5 What happens when a client requests a tool the user has not been granted? McpError: tool not enabled for this gateway — clean rejection at the Engine, no leak/execution. probes.md

Suggested pass/fail gates

Gate Pass condition (verbatim) Result Evidence
MCP protocol compliance Any compliant MCP client connects without custom adapters PASS (lib client; Claude Code to add in 2.2) probes.md
Tool curation Gateway tool list matches exactly the configured allow-list PASS probes.md
Per-user isolation User A cannot see or invoke tools granted only to User B Not demonstrable on this gateway — no per-user grants (both see all 7).
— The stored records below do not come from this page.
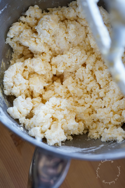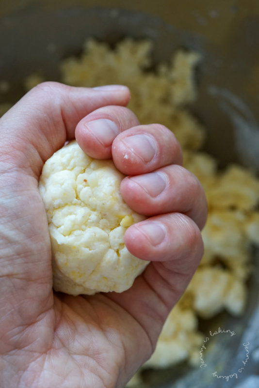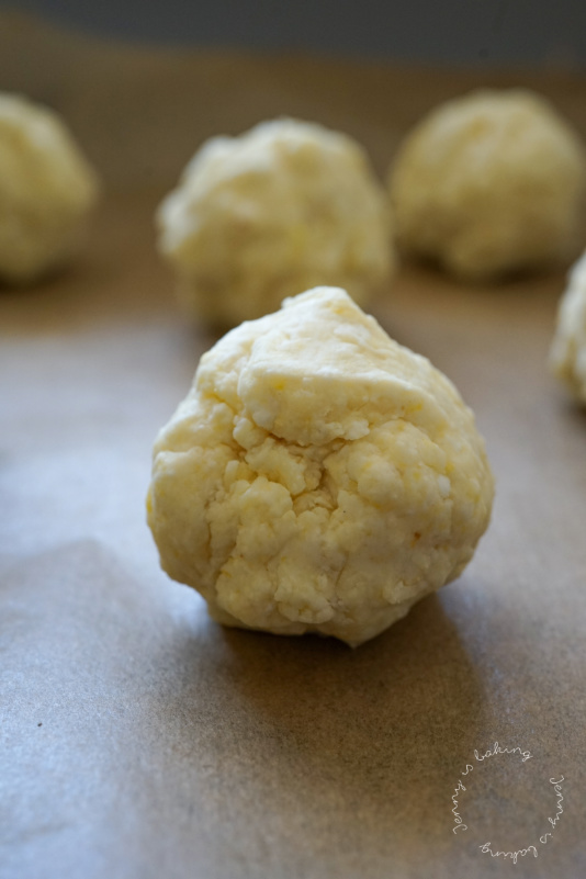 Ich fand dann aber nach einigem Probieren endlich heraus, woran es lag: dem Anteil der Milch. Das klingt jetzt so simpel, aber bis ich das herausfand… Das Geheimis ist, dass der Teig zwar so feucht sein muss, dass man ihn in kleine Bällchen rollen kann, aber gleichzeitig nicht so feucht, dass einem die Brötchen gleich zerlaufen. Weil es bei mir ziemlich lange gedauert hat bis ich die richtige Konsistenz gefunden habe, gibt es unten extra ein Bild. Damit dir nicht das gleiche passiert. Und deshalb die Bitte an dich: unbedingt genau darauf achten, dass man nicht zu viel und auch nicht zu wenig Milch verwendet, denn sonst passiert dir das gleiche wie mir.
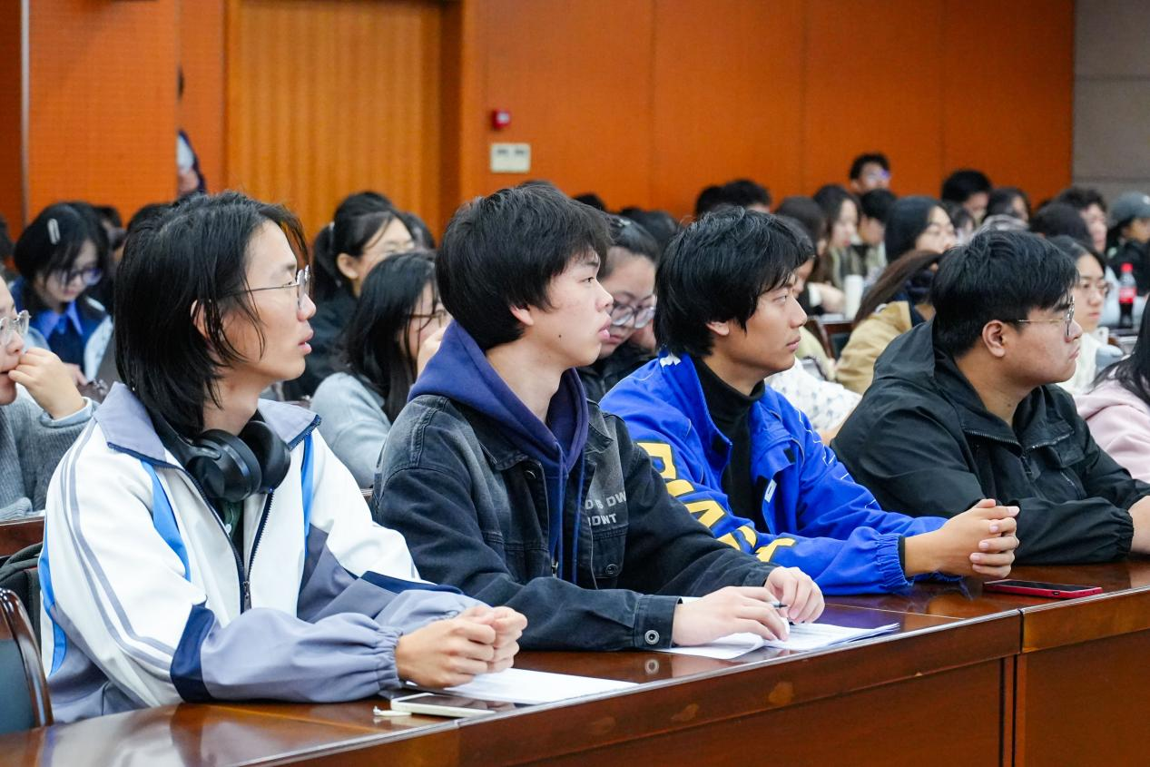 讲座中,何浩着手从胜任力、持续力和自洽力三个方面介绍了教育从业者的职业要求和精神追求。何浩的职业生涯经历了从一名普通的任课老师到校长的岗位变化,具有对教育事业多维的思考。他通过生动的案例,向同学们描绘了一线教师们如何利用专业的理论知识和丰富的实践经验,将时间和情感投入到教育事业中,展现了极强的使命感。他讲述了自己作为一名教师经常从工作中获得价值感和幸福感,然而,他时刻用敏锐的目光观察教育工作者在社会眼中的形象,在极高的精神回报背后是近乎严苛的职业道德要求。“社会将职业高标,视作了职业低标”一句话犀利地点明了教师行业所面对的社会压力。
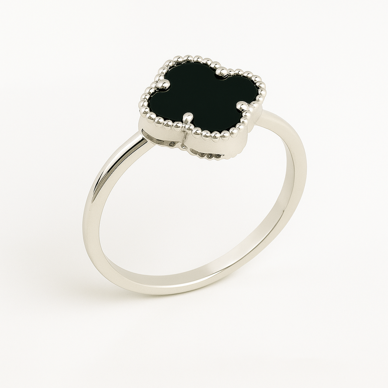 Відгуки про Срібна каблучка "Листок щастя" з вставками оніксу Артикул B11028 Розмір 17.5
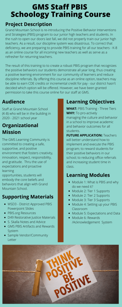 For this competency, I am sharing the procedural steps I used to develop my PBIS course from INTE 5200: Crafting eLearning Experiences. The work I developed for my PBIS Schoology course was intense because although I knew how to maneuver the Schoology platform, I wasn’t comfortable with it. I’ve been a Google Classroom user from the inception of the tool and switching over to Schoology was like going to the dentist for a root canal. I went kicking and screaming. However, in the course INTE 5200: Crafting eLearning, I had a tremendously kind instructor who held my hand with making Schoology more user-friendly from the developer side and making it more appealing for the end-user as well.
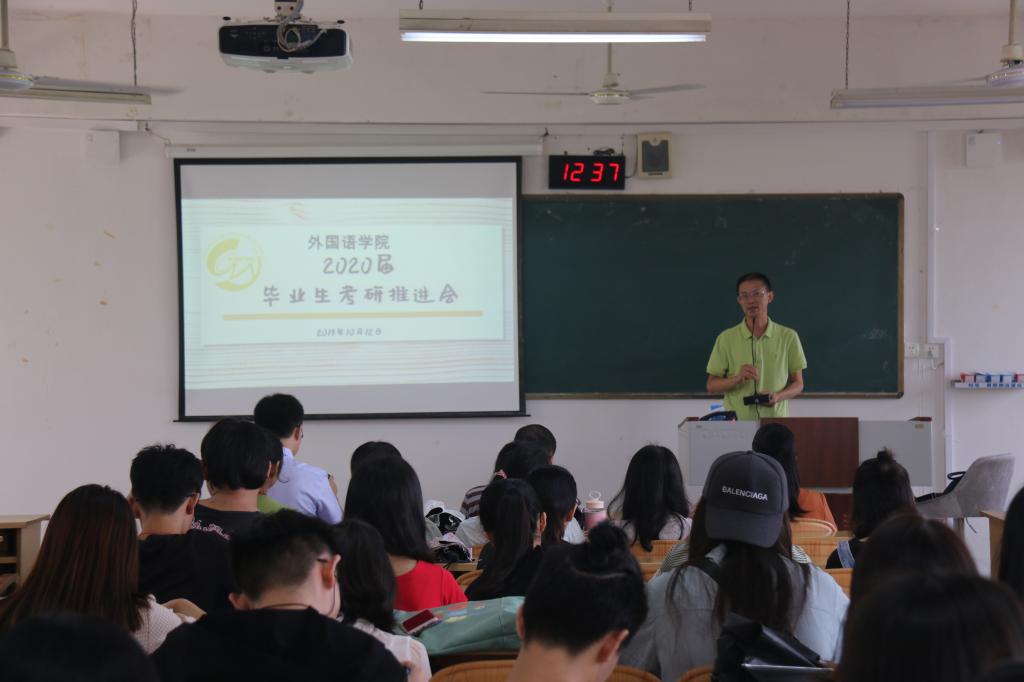 2019年10月12日,我院在我校雁山校区5栋教学楼05206教室召开2020届毕业生考研推进会。开元(中国)院长唐渠、党委副书记邓洁琼、副院长胡金、院长助理曾文华、日语教研室副主任邓圆、英语教研室老师赵文焕出席本次会议。会议由外国语开元(中国)主持团委和学工组组长工作的蒋玄老师主持,2016级全体考研生参加。
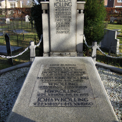 Gaaf bewaard uit het interbellum daterend GRAFMONUMENT van W. Kölling, stichter van de Gazelle Rijwielfabriek. Het graf fungeert tevens als familiegraf en is gelegen in de binnenste cirkel van het kleine rond. Het enige art deco-invloeden vertonende grafmonument beslaat een kwart cirkel. Hierin bevindt zich een hardstenen liggende steen waarachter een vrijstaand hardstenen grafmonument bestaande uit een staande steen met opschrift geflankeerd door twee smalle stenen. Het opschrift van de staande steen vermeldt het volgende: WILLEM / KÖLLING / 15.VIII.1869 / 28.VIII.1935 / STICHTER EN / DIRECTEUR / DER N.V. / GAZELLE / RIJWIEL- / FABRIEK. De liggende steen is voorzien van de volgende tekst: HIER RUSTEN / H.W. KÖLLING / *13_XI.1824 - 9_X.1901 / J.W. KÖLLING-GREVE / *7-II.1833 - 9-IX.1917 / M.J. BREUKINK-KÖLLING / *23-VI.1861 - 13-I.1921 / W. KÖLLING / 15_VIII.1869 - 28-VIII.1935 / H.W. KÖLLING / 25_XII.1874 - 15_IX.1955 / Joha. W. KÖLLING / *22_VIII.1871 - 13_XII.1960.

Needs cat-3 / separate gateways / User Source. (finding) probes.md
Mixed server gateway Prebuilt and custom server tools coexist behind one gateway URL Pending (2.7)

Findings

  • Per-user tool-list scoping is gateway-wide, not per-user, in Arcade-Headers mode (A==B identical). Differentiation requires Contextual Access (cat 3) or separate gateways / a User Source. Signals the score-3 anchor ("per-user scoping requires workarounds") unless cat-3 lifts it.
  • Invocation routes through the Engine and fails cleanly when an OAuth provider/secret isn't configured (Slack_WhoAmI → "unsupported authorization provider type ID '' (providerID 'slack')") — no silent fallback to a shared credential.
  • Ungranted tooltool not enabled for this gateway (clean rejection).
  • Dynamic registration works: a saved gateway edit (add + remove tools) takes effect on the next tools/list with no engine/server restart — gateway is pure metadata. Edits only apply after Save (drafts don't propagate).
  • Minor protocol nit: client logs Session termination failed: 202 on session DELETE (benign).